* **ACTION ITEM**: Please copy the lines below, exactly as they are, from the one with "La médica plantea" through the one with "Tecnologia Trim-n-Flow: O", and leave out the pictures.

* **SOURCE RECORDS**:
[Start of Attachment]
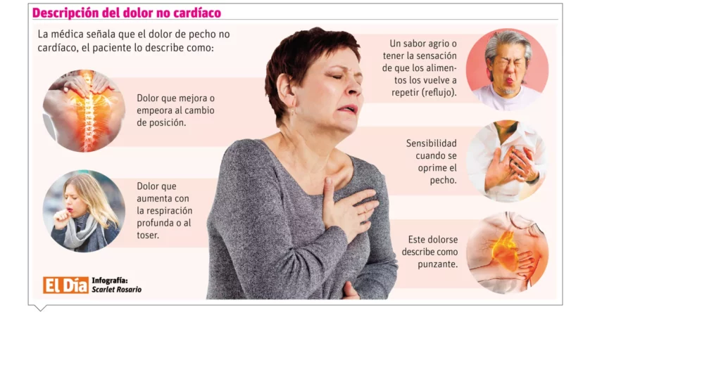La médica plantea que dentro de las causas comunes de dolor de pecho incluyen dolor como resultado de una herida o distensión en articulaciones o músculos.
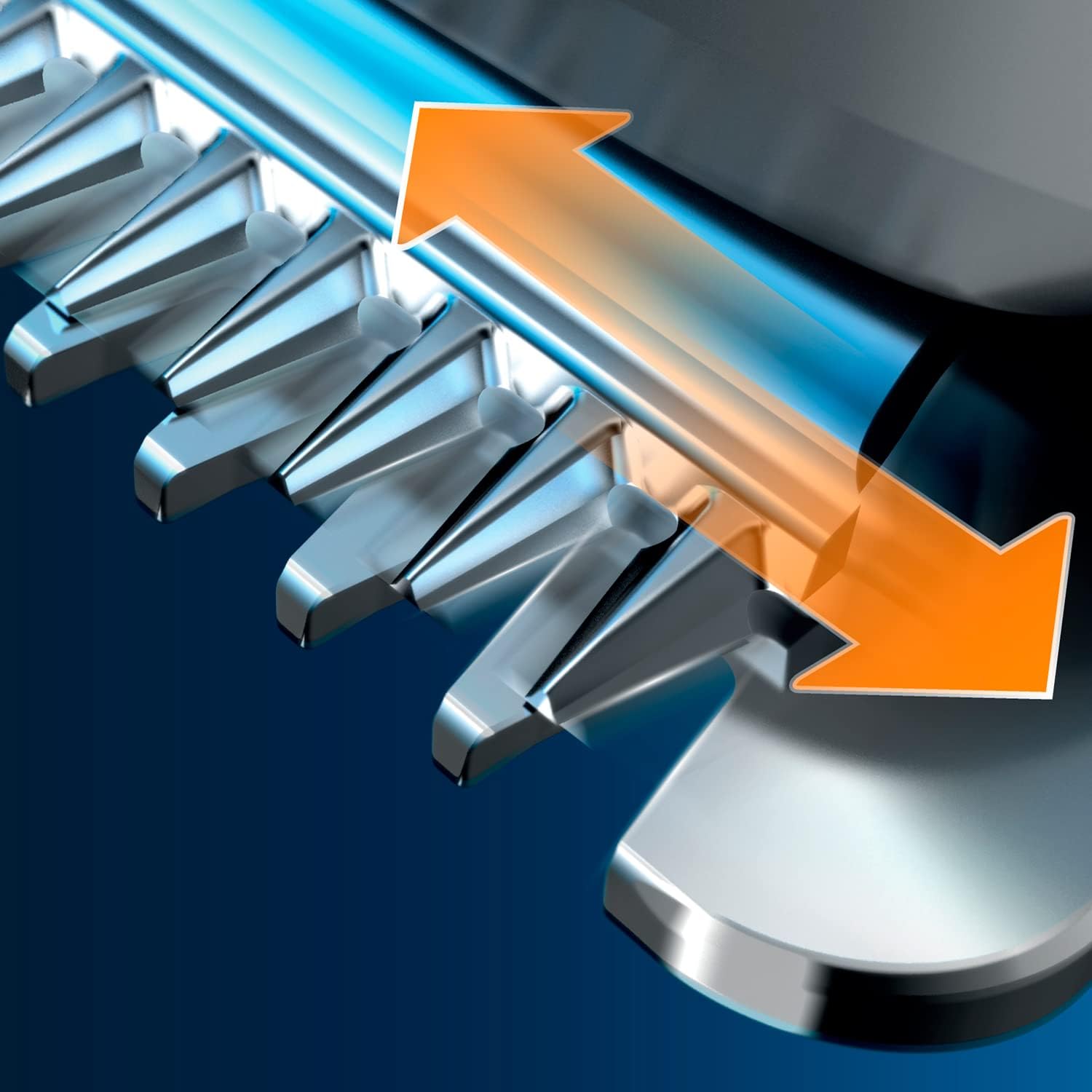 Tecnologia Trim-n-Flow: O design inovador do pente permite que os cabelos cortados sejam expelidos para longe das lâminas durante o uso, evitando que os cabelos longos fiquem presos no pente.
[End of Attachment]
[Start of Attachment]
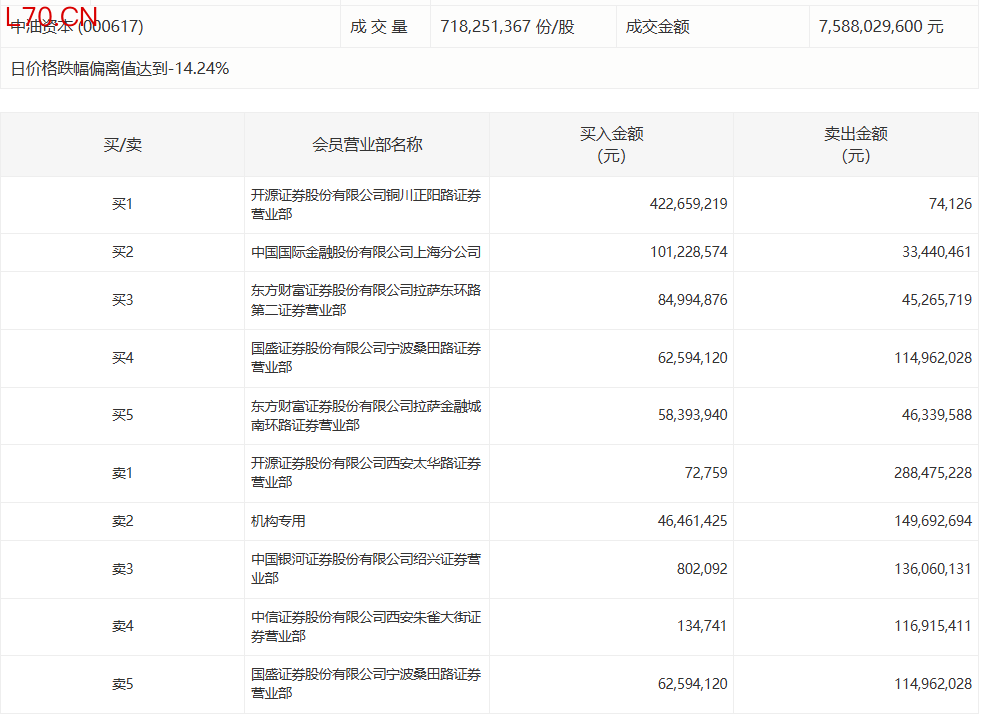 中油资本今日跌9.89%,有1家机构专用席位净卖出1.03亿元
[End of Attachment]
* **TASK SOLUTION**:
La médica plantea que dentro de las causas comunes de dolor de pecho incluyen dolor como resultado de una herida o distensión en articulaciones o músculos.
 Tecnologia Trim-n-Flow: O design inovador do pente permite que os cabelos cortados sejam expelidos para longe das lâminas durante o uso, evitando que os cabelos longos fiquem presos no pente.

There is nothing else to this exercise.